# [What is required]
Below this line are records; transcribe exactly the lines between the one holding "Aron is a pair" and the one holding "The main- floor", inclusive, and omit the pictures.

# [Given records]
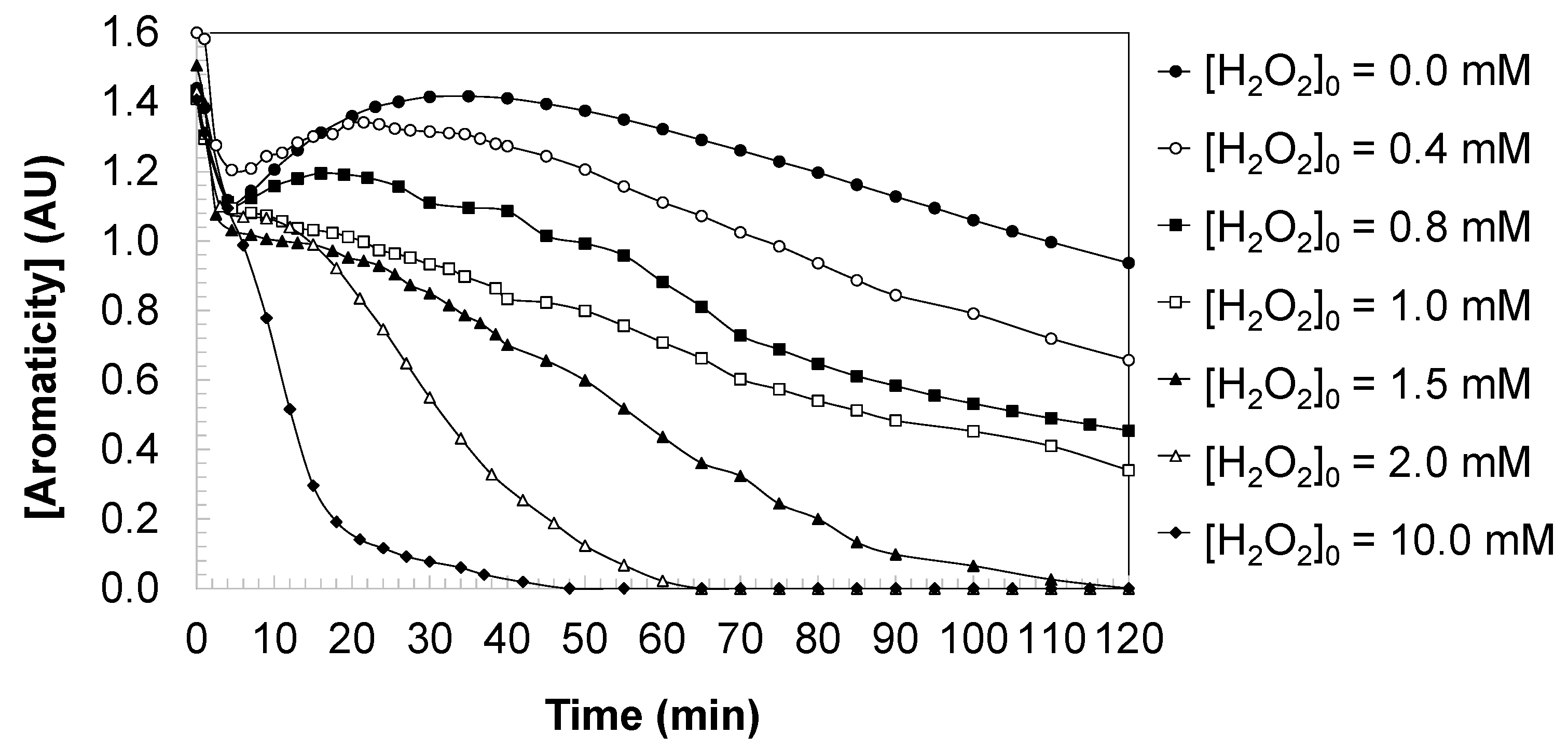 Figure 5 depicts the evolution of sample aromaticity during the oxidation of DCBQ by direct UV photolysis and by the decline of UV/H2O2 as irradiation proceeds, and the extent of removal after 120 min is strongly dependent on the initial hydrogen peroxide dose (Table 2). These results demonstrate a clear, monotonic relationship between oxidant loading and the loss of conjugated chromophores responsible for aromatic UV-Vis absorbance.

* * *

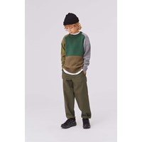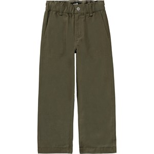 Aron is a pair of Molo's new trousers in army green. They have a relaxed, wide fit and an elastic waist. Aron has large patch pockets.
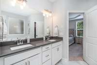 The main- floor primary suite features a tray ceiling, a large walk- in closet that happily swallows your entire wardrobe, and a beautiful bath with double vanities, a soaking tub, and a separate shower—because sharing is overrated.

...

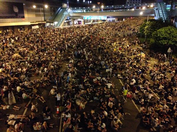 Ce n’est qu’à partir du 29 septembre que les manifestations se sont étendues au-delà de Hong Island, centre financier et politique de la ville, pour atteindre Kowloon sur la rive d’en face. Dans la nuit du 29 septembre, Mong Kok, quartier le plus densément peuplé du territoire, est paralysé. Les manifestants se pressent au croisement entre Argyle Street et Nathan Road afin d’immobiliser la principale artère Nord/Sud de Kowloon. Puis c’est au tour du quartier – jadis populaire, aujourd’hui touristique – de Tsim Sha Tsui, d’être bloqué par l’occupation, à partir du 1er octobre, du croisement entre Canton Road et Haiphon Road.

# [Result for this task]
 Aron is a pair of Molo's new trousers in army green. They have a relaxed, wide fit and an elastic waist. Aron has large patch pockets.
 The main- floor primary suite features a tray ceiling, a large walk- in closet that happily swallows your entire wardrobe, and a beautiful bath with double vanities, a soaking tub, and a separate shower—because sharing is overrated.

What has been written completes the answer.